→ **WORK ORDER**: Would you retype exactly the lines below, starting with the one that has "Join Project Onward" and going on through the one that has "Tea farmers harvest", with no pictures and nothing else?

→ **SUPPLIED ENTRIES**:
================

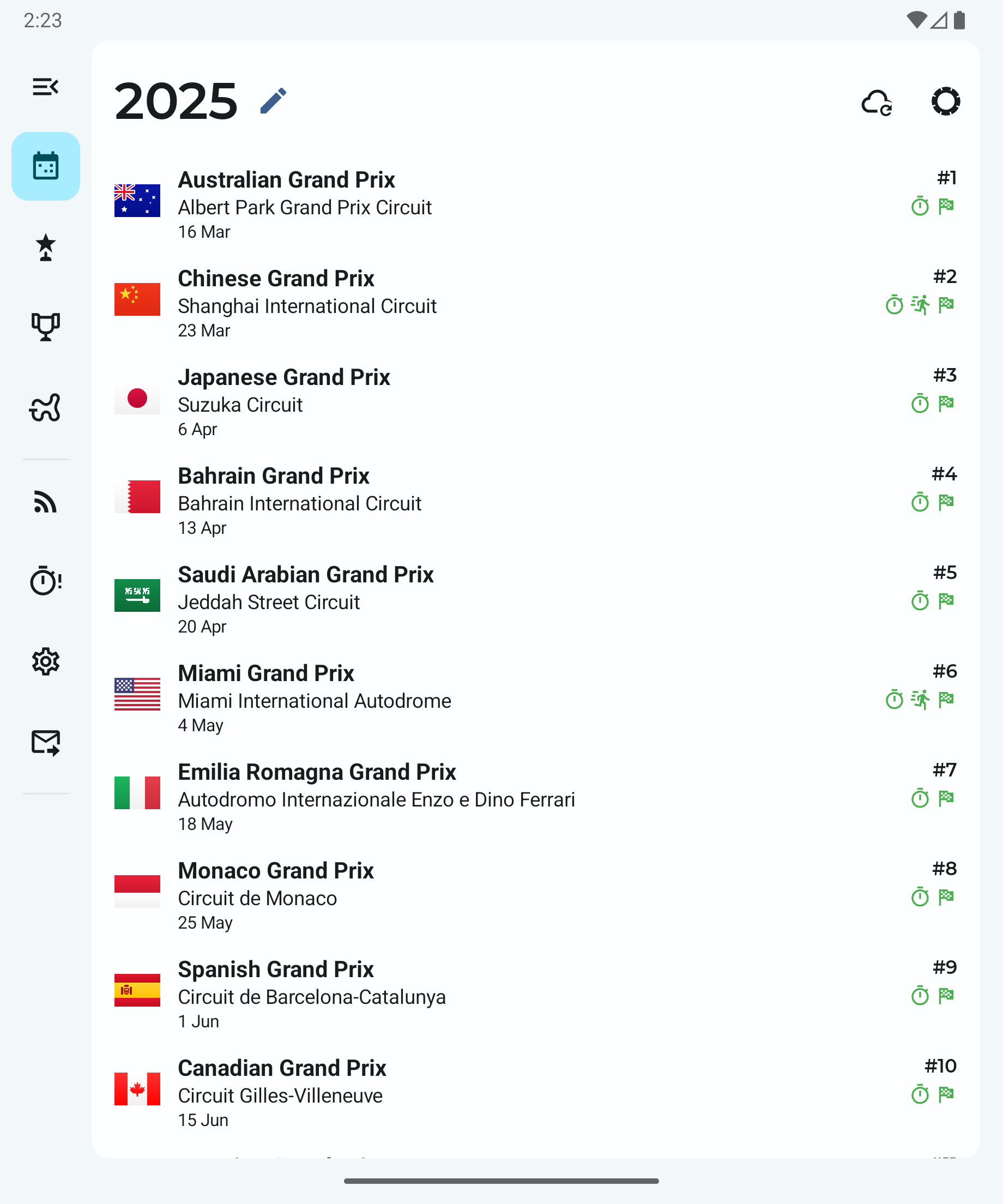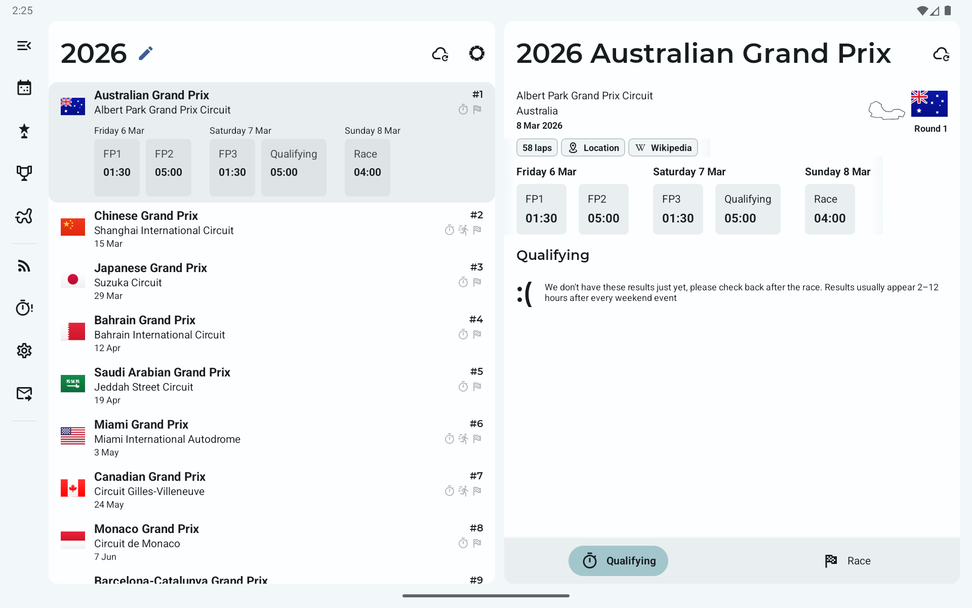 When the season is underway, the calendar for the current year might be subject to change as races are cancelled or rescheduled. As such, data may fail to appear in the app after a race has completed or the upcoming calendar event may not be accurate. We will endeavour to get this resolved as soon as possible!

================

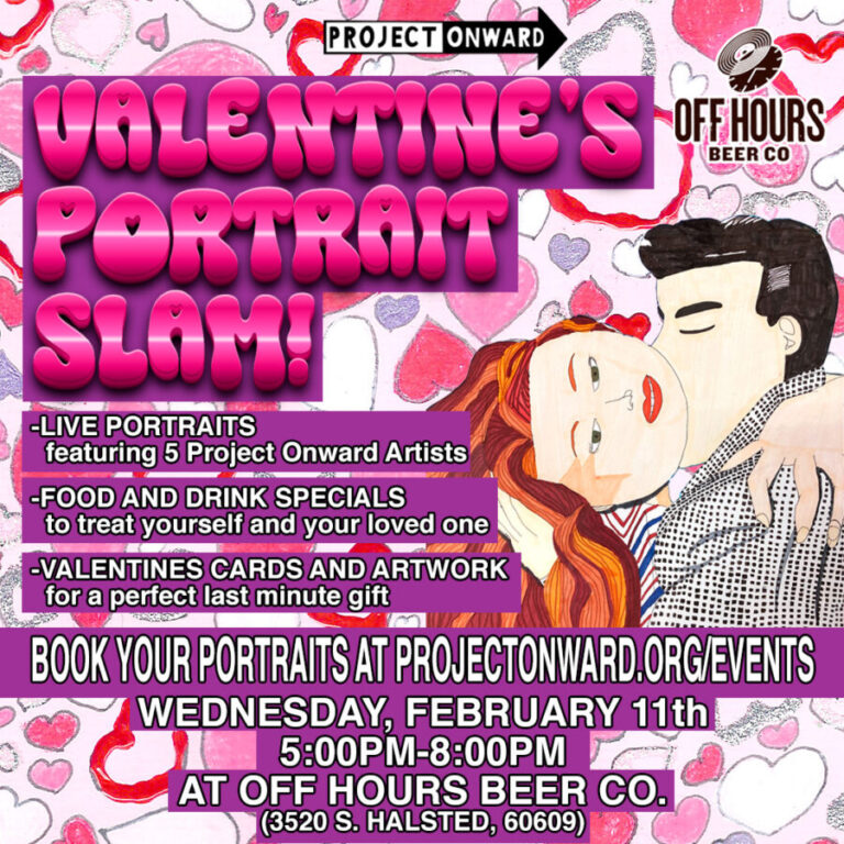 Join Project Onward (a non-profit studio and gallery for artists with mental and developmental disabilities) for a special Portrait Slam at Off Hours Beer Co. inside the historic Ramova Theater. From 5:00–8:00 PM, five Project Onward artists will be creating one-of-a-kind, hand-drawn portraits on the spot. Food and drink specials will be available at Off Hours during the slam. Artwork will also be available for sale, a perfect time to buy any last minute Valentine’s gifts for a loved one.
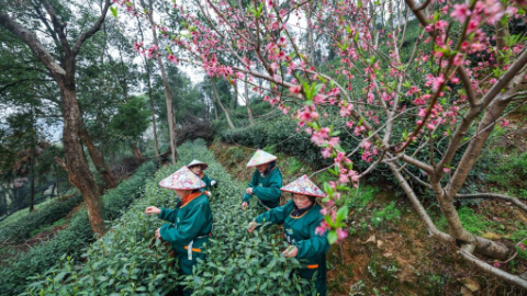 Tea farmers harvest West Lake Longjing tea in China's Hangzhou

================

→ **WRITTEN SOLUTION**:
 Join Project Onward (a non-profit studio and gallery for artists with mental and developmental disabilities) for a special Portrait Slam at Off Hours Beer Co. inside the historic Ramova Theater. From 5:00–8:00 PM, five Project Onward artists will be creating one-of-a-kind, hand-drawn portraits on the spot. Food and drink specials will be available at Off Hours during the slam. Artwork will also be available for sale, a perfect time to buy any last minute Valentine’s gifts for a loved one.
 Tea farmers harvest West Lake Longjing tea in China's Hangzhou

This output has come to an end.